ÉDITORIAL
Un tram plus que jamais nécessaire
Je suis certainement naïf. Je croyais vraiment que le projet de tramway (ou train léger) de notre côté de la rivière, à l’ouest de Gatineau, avait une chance de voir le jour, disons dans cinq à dix ans. Malgré ma méconnaissance en matière de construction et d’administration publique, la motivation inébranlable de Greg Fergus, la nomination d’André Fortin comme ministre des Transports du Québec et l’accord de principe de l’équipe d’Action Gatineau me poussaient à y croire.
Mais la semaine dernière, une nouvelle est tombée qui a fait vaciller cette certitude : la ville de Québec lance son projet de tramway à 3 milliards de dollars, avec un financement provincial et fédéral. Le « nouveau transport structurant » fonctionnera dès 2026. Et soudain, une ombre plane au-dessus du projet gatinois. En effet, 1) Le maire Labeaume profite du momentum offert par le gouvernement de Trudeau, qui a lancé avec flonflon un grand programme d’infrastructures 2) la conjoncture économique est favorable (reprise économique, excédents budgétaires). Cependant, il est tout à fait possible que d’ici dix ans, le fédéral ne puisse plus financer de tels projets, et alors, que fera le gouvernement provincial?
Ô naïf que j’étais! Je n’avais jamais entendu parler de ce projet de Québec. Pour ma défense, je ne suis arrivé au Canada qu’en 2005, mais quand même… Sur le moment, je l’ai cru sorti du chapeau magique du maire Labeaume, au même titre que le retour des Expos. Il nous avait damé le pion, j’étais furieux. Puis, je me suis renseigné. Et là, ma stupéfaction a grandi. Ce projet ne date pas d’hier.
Primo, Québec a longtemps bénéficié d’un tramway, de 1897 jusqu’en 1948! On peut donc dire qu’il y a une mémoire collective inscrite dans l’histoire de la ville, comme chez nous, qui avons eu un tram et un chemin de fer durant la première moitié du XXe siècle.

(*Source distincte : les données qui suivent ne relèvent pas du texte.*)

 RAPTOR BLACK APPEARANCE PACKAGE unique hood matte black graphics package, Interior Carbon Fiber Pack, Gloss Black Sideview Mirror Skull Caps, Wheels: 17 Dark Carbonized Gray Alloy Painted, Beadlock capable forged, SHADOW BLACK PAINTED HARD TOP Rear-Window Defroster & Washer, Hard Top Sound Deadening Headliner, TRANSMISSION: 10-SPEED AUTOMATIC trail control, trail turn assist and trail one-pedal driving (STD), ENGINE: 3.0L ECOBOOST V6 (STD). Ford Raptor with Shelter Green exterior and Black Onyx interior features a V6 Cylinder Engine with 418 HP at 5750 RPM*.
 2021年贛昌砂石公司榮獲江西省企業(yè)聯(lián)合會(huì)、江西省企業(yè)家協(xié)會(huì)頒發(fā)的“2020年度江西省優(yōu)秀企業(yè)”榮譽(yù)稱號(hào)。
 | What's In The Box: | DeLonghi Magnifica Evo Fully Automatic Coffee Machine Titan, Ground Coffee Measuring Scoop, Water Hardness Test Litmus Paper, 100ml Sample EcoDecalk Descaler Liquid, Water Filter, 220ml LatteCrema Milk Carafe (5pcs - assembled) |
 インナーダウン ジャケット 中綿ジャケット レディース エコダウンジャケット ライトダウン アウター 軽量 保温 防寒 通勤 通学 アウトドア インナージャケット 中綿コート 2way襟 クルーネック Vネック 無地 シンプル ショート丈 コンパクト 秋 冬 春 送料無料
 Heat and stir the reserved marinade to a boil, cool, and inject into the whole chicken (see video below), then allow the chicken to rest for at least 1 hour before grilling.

C’est un élément encourageant pour réimplanter ce genre de transport moins polluant. Secundo, l’idée a été relancée depuis 2000. Une première étude de faisabilité a été commandée au Réseau de transport de la Capitale par le ministère des Transports du Québec. Le résultat tombe en 2003 : elle recommande la construction d’un réseau de tramway. En 2005, la ville l’inscrit dans son plan directeur d’aménagement et de développement 2005-2025. Cinq ans plus tard, le comité sur la mobilité durable dépose un rapport : il faut le faire avant 2030. En 2015, une deuxième étude de faisabilité conduit à l’abandon du tramway pour un service rapide de bus (SRB), conjointement avec la ville de Lévis. La ville de Lévis se retire en 2016. L’an dernier, suite à sa réélection, Labeaume relance le projet de tram, et nous voilà en 2018 avec un engagement ferme de toutes les parties, qui permettra à la ville d’entrer (enfin) dans le XXIe siècle que la plupart d’entre nous veulent, celui du développement durable, du virage vert et des énergies « propres », notamment dans les transports urbains.

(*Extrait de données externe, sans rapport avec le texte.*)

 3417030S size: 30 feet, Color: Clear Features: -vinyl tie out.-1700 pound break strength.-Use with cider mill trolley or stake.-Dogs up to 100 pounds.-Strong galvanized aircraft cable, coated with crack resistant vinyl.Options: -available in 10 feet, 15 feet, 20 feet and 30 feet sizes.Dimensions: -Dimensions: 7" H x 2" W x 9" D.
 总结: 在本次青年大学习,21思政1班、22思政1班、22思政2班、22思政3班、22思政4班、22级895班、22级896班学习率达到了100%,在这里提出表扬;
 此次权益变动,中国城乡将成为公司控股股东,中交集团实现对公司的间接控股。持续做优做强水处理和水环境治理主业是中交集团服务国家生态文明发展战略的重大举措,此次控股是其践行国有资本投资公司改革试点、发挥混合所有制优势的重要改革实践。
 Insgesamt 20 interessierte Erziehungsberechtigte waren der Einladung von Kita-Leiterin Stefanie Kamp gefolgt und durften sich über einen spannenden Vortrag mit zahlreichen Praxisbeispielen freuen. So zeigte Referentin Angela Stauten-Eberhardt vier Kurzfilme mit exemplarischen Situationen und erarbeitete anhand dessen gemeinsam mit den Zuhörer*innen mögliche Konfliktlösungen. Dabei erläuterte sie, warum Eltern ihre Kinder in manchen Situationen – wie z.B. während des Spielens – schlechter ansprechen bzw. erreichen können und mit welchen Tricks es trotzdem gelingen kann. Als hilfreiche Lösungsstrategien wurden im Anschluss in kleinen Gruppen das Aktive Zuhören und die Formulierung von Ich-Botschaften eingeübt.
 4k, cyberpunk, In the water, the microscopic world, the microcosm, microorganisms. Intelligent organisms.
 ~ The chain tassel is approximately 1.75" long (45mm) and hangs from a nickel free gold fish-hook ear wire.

Et nous, à Gatineau, où en sommes-nous? S’il a fallu à Québec 25 ans - une génération entière - pour concrétiser un tel projet, quand le verrons-nous? Et comme Québec avec Lévis, nous devrons composer avec Ottawa… Enfin, la conjoncture politique et économique a permis une fois cet investissement massif des deux paliers de gouvernements supérieurs, sera-ce encore le cas dans dix, quinze ou vingt ans? Déjà, avec les élections provinciales à l’automne, que se passera-t-il si la CAQ prend le pouvoir? Le temps presse. Si la ville dépose un projet d’ici au mois de juillet, tout est encore possible.